Fazit: Die verwendeten Ablichtungen von Dokumenten sowie das Bildmaterial ist szenetypisch als dürftig zu bezeichnen und besitzen meiner Meinung nach keine Aussagekraft. Der Autor vermag durchaus stichhaltig zu argumentieren (wenn er will und wenn es ihm nützlich erscheint) - verwechselt jedoch häufig Möglichkeiten mit Wahrscheinlichkeiten und Indizien mit Beweisen. Besonders seltsam mutet auch ein Gespräch in Bolivien an, dass Sternhoff zu Ende des Buches schildert: Hierbei soll ein ehemaliger deutscher Offizier auf die Frage in welcher Einheit er gedient habe wie folgt geantwortet haben: "Als Offizier in einer - wie man heute sagen würde - multinationalen Einheit der Waffen-SS". Das ist unglaubwürdig. Wieso nennt der Unbekannte nicht einfach den Namen der Einheit? Besonders bei Eliteneinheiten gibt es einen Korpsgeist der i.d.R. mit Stolz das eigene Regiment benennt (mit Ausnahme von Kommandokräften aus verständlichen Gründen). Als multinationale Einheit käme hier jedenfalls die Division Wiking in Betracht. Auch wirkt es unlogisch, dass diese Person - welche mit der Dritten Macht in Kontakt stehen soll - auf die Frage nach den bisherigen Erfolgen auf die "Wiedervereinigung Deutschlands" verweist. Kein Nationalsozialist - egal ob alt oder neo würde jemals die Teilwiedervereinigung West- und Mitteldeutschlands ohne die abgetrennten Ostgebiete als "Wiedervereinigung" bezeichnen (nebenbei bemerkt war dies auch die offizielle Position der großen Volkspartien nach dem Krieg). Es kommt mir so vor, als ob dieses Gespräch fingiert wurde. Beim besten Willen hatte ich beim Lesen immer dann wenn Begegnungen und Aussagen zitiert wurden ein etwas mulmiges Gefühl. In der Summe der Eindrücke kann ich das Buch als Ganzes daher nicht empfehlen - wenngleich einige Kapitel wirklich gut gelungen sind.

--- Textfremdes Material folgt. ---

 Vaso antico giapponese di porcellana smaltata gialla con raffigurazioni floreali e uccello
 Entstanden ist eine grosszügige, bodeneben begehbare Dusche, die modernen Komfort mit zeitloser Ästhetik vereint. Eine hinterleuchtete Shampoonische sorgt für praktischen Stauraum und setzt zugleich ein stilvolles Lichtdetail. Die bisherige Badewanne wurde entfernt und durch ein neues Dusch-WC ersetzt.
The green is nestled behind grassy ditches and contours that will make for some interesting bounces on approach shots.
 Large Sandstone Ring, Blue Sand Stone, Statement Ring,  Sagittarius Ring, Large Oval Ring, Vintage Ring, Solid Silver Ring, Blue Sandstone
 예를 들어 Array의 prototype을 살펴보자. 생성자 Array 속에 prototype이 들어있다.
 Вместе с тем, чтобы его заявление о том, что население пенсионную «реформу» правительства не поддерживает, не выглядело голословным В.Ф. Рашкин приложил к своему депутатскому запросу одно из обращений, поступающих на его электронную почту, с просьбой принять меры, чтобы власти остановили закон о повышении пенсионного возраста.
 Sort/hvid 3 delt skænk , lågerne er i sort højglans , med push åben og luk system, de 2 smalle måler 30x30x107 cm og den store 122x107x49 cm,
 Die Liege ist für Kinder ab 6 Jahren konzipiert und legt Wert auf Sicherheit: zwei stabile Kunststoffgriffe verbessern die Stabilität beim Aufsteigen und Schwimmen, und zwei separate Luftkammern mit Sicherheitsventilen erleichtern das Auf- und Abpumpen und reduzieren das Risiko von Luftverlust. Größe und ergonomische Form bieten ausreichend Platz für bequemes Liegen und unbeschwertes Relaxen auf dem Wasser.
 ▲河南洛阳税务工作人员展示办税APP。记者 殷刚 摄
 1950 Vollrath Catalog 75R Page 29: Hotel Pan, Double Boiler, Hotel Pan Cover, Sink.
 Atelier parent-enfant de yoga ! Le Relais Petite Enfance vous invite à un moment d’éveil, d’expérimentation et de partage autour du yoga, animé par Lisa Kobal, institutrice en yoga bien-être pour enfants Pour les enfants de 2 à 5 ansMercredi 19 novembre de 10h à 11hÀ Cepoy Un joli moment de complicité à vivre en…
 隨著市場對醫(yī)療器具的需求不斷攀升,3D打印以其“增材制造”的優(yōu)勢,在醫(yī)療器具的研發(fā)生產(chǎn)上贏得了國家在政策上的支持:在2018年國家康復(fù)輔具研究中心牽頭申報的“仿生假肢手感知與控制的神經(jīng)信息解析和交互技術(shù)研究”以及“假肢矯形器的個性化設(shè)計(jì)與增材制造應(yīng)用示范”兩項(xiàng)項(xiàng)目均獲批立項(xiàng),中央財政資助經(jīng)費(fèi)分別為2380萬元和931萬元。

Bezeichnend für das recht selbstsame, indifferente Geschichtsverständnis des Autors (vorausschicken möchte ich hier, dass ich keinesfalls zu jenen gehören die Geschichte in "Links-Rechts" oder "Gut-Böse" Schubladen sperren) - ist sein Abschlusssatz: "Abschließend noch die Frage: Ergibt es einen Sinn, gegen diese Entwicklung aufzubegehren? Ich glaube nicht. Das Schicksal nimmt seinen Lauf. Mit anderen Worten: Die Zukunft hat längst begonnen!" Das muss man sich einmal auf der Zunge zergehen lassen: Nationalsozialistische konspirative Kreise ausgerüstet mit Ufo-Technologie und Möglichkeiten zur Genmanipulation am Menschen wollen die Weltherrschaft an sich reißen und dieser lapidare Kommentar ist alles an "kritischer Haltung" was Sternhoff aufzubringen vermag? Allein dadurch - und ich bin wie gesagt wahrlich kein Sklave eines geistestötenden Political Correctness - hat sich der Autor selbst diskreditiert.